===== Input data =====

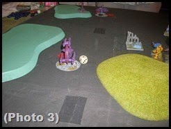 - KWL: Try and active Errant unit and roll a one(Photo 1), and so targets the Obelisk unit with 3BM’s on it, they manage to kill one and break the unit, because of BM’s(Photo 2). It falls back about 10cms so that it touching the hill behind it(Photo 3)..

=====
===== Input data =====

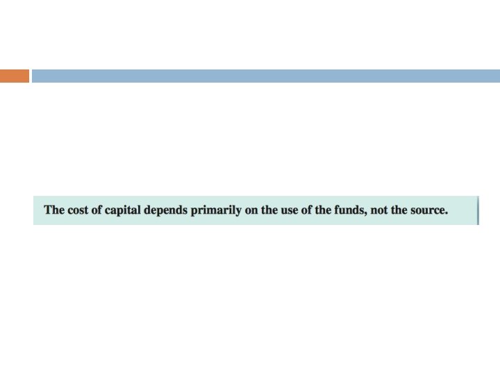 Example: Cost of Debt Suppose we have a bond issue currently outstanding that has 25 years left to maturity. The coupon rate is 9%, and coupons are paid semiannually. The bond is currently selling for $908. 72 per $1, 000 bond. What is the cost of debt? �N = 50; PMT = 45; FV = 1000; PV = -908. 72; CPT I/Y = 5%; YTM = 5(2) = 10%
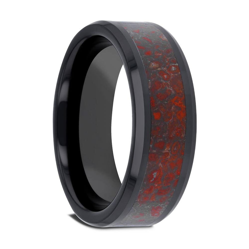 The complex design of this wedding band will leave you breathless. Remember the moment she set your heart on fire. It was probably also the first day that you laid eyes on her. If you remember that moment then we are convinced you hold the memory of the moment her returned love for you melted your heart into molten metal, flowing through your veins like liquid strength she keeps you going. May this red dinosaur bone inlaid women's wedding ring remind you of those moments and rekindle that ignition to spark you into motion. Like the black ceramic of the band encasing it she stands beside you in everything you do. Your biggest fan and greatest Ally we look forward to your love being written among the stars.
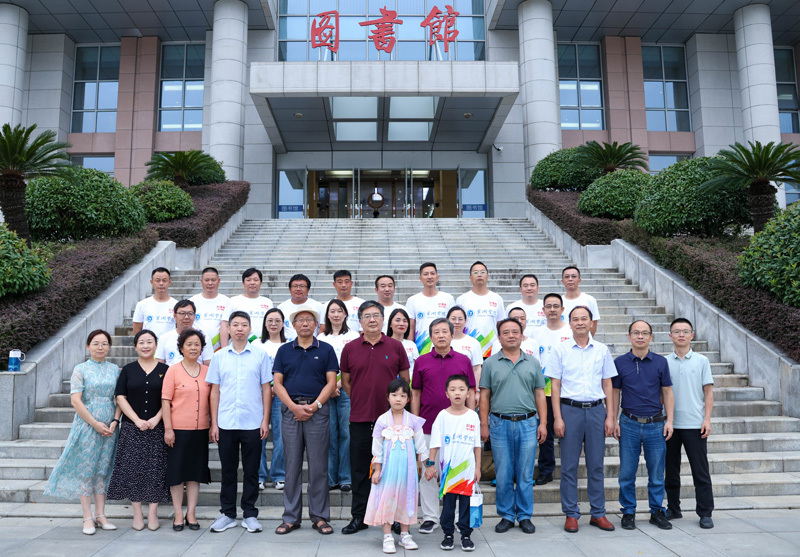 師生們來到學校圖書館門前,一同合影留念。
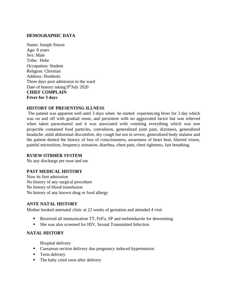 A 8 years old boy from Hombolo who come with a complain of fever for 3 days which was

=====

> [Instructions to follow]: Restate the lines above from the one containing "師生們來到學校圖書館門前,一同合影留念。" through the one containing "A 8 years old", inclusive, exactly and without pictures.

> [Response to this task]:
 師生們來到學校圖書館門前,一同合影留念。
 A 8 years old boy from Hombolo who come with a complain of fever for 3 days which was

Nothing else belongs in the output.